Constructing graphs over $R^n$ with small prescribed mean-curvature

TL;DR

This paper develops a convergent series method to solve the prescribed mean curvature equation for hypersurfaces in Euclidean or Minkowskian space, enabling explicit computation of electrostatic potentials in a novel way.

Contribution

It introduces a new series expansion approach for solving the prescribed mean curvature equation in higher dimensions, inspired by electromagnetism theory.

Findings

Successfully constructs a convergent series solution for the mean curvature equation.

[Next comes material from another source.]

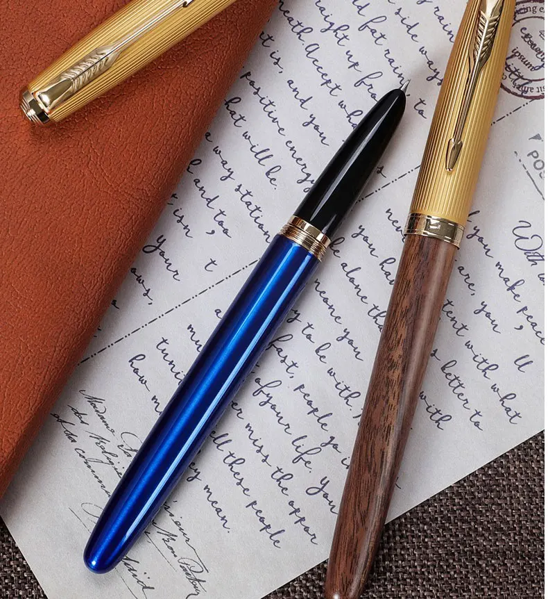 Бренд: Jinhao Модель: 85 Цвет: сталь, черный, прозрачный синий, винно-красный, розовое дерево, красное дерево Метод поглощения чернил: вращающиеся чернила поглощающие, чернильный мешок может быть использован Вес грамма: 25,5g Размер изделия: 14,3 см * 1,3 см Крышка ручки: Вращающаяся крышка ручки

Provides the first explicit computational method for electrostatic potential with small Born parameter.

Applicable to hypersurfaces with bounded mean curvature in Euclidean and Minkowskian spaces.

Abstract

In this paper a convergent series expansion is constructed to solve the prescribed mean curvature equation for n-dimensional hypersurfaces in n+1 dimensional Euclidean or Minkowskian space(time) which are graphs of a smooth real function u, and whose mean curvature function H is not too large in Hoelder norm, and integrable. Our approach is inspired by the Maxwell-Born-Infeld theory of electromagnetism in Minkowski spacetime, for which our method yields the first systematic way of explicitly computing the electrostatic potential u for regular charge densities proportional to H and small Born parameter.